During the COVID-19 pandemic, supply challenges with respect to Rhesus (Rh)-negative packed red blood cells (pRBCs) were reported. However, a majority of institutional policies and personal practices on providing RhD-positive pRBCs to RhD-negative patients, who are at increased risk for hemolytic disease of the fetus and newborn (HDFN), did not change during this time.
This finding, which was published recently in the American Journal of Clinical Pathology, is based on the results of a survey distributed to physician members of the Association for the Advancement of Blood & Biotherapies (AABB).
The authors of the study sought to determine whether practices and policies on the allocation of RhD-positive pRBCs to RhD-negative patients changed or remained the same during the pandemic.
Survey reveals treatment methods largely remained the same
The questionnaire was designed by a workgroup in the AABB Clinical Hematology Subsection in an effort to obtain data on the effect of COVID-19 on pRBC policies and practices during the pandemic. The survey comprised a total of 17 questions, with seven of the questions related to demographics, five questions on institutional policies and five questions on personal criteria (in other words, “practice” questions). Survey participants were given an estimated total time of five minutes to complete the survey.
Read more about the testing and diagnosis of HDFN
Among 799 respondents, a total of 209 individuals participated in the survey and 104 responded to all of the questions, thus yielding a complete response rate of 13.02%.
Results of the survey listed the top three situations in which an RhD-negative patient would receive RhD-positive pRBCs as the following:
- RhD-negative female patients who were not of childbearing potential based on their age (20.67% prior to the pandemic and 21.61% during the pandemic)
- Male adults older than 18 years of age (18.43% prior to the pandemic and 17.59% during the pandemic)
- Patients older than 18 years of age who were not of childbearing potential and who experienced a massive hemorrhage (17.75% prior to the pandemic and 18.84% during the pandemic)
Overall, 83.7% of the institutional policies and 79.37% of the personal practices regarding the selection of pRBCs did not change during the pandemic.
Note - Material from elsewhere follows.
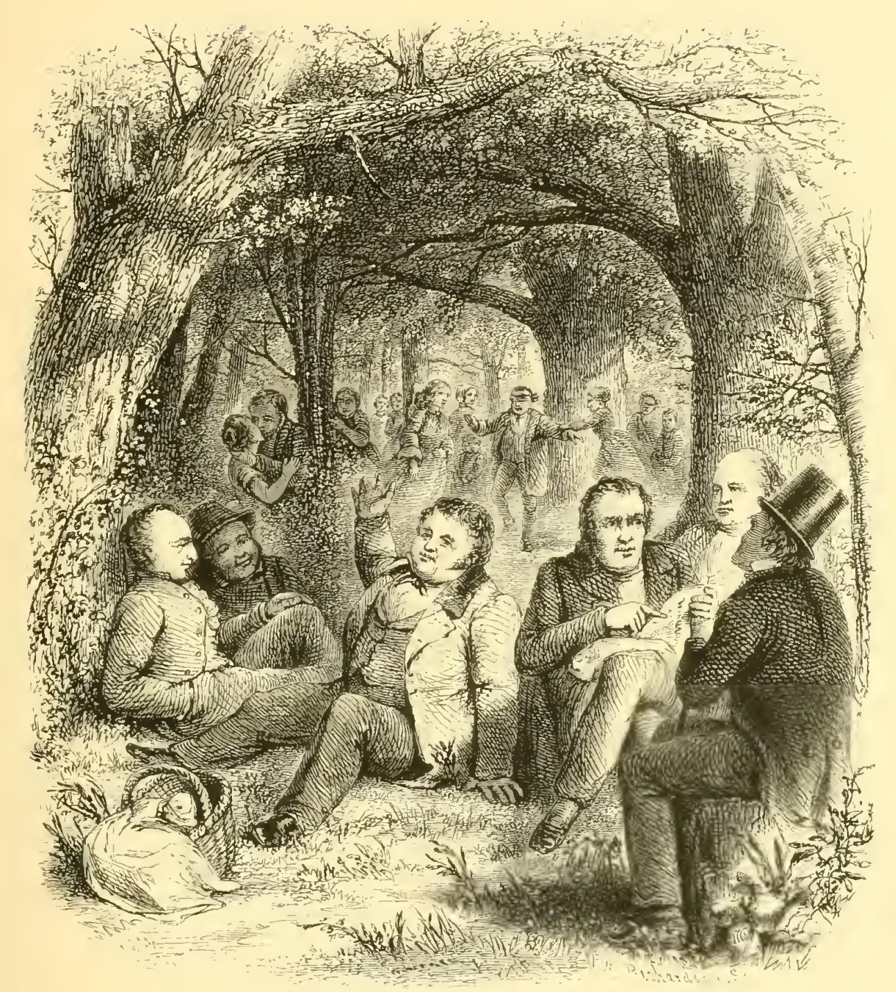 THE preceding tale is given almost in the precise words in which I heard it related at a Corporation meeting of the ancient city of Manhattoes, at which were present many of its sagest and most illustrious burghers. The narrator was a pleasant, shabby, gentlemanly old fellow in pepper-and-salt clothes, with a sadly humorous face, and one whom I strongly suspected of being poor, he made such efforts to be entertaining. When his story was concluded there was much laughter and approbation, particularly from two or three deputy aldermen who had been asleep the greater part of the time. There was, however, one tall, dry-looking old gentleman, with beetling eyebrows, who maintained a grave and rather severe face throughout, now and then folding his arms, inclining his head, and looking down upon the floor, as if turning a doubt over in his mind. He was one of your wary men, who never laugh but upon good grounds—when they have reason and the law on their side. When the mirth of the rest of the company had subsided and silence was restored, he leaned one arm on the elbow of his chair, and sticking the other akimbo, demanded, with a slight but exceedingly sage motion of the head and contraction of the brow, what was the moral of the story and what it went to prove.

In fact, the habit of switching back to the administration of RhD-negative pRBCs following the administration of RhD-positive pRBCs varied. In all, 53.85% of the survey respondents noted that they had offered Rh immunoglobulin to any RhD-negative patients who had received RhD-positive pRBCs.
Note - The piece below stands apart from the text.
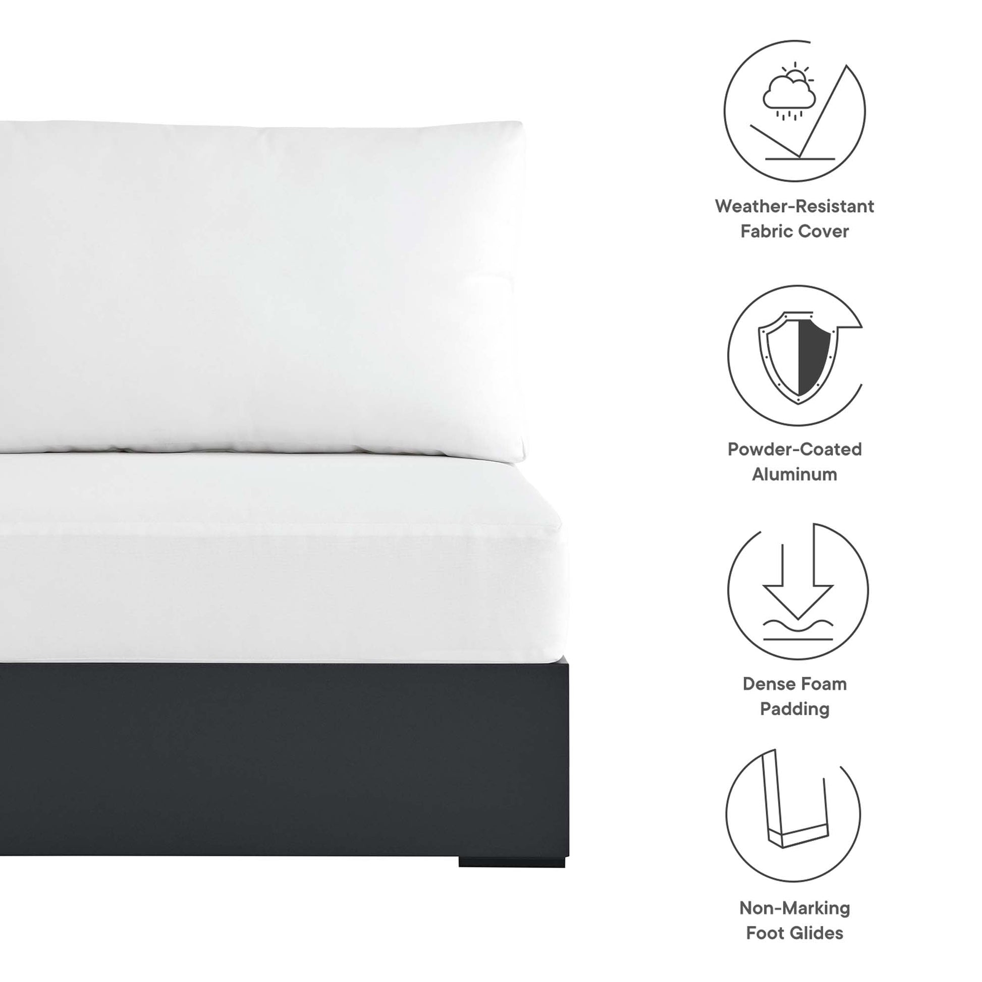Tahoe Outdoor Patio Powder-Coated Aluminum Modular Armless Chair by Modway EEI-6628-GRY-WHI

Findings from this survey were “likely because of the highly immunogenic nature of the D antigen and reluctance to accept the future risks of hemolytic transfusion reactions and HDFN,” the authors explained. “Another possible reason why changes did not occur, at the time of the study, is that transfusion services did not have the capacity to implement changes to their policies or procedures [because of] competing priorities and challenges, including staffing and constraints during a tumultuous time,” they concluded.